- Records for the task:
......

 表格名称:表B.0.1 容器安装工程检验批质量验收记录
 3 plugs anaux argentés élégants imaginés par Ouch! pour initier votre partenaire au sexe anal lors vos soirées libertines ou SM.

......

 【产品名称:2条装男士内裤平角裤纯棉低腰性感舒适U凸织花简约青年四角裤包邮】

......

- What you have to do: Above are the records; repeat exactly the lines from the one holding "表格名称:表B.0.1 容器安装工程检验批质量验收记录" down to the one holding "3 plugs anaux", end lines included.

- Expected output:
 表格名称:表B.0.1 容器安装工程检验批质量验收记录
 3 plugs anaux argentés élégants imaginés par Ouch! pour initier votre partenaire au sexe anal lors vos soirées libertines ou SM.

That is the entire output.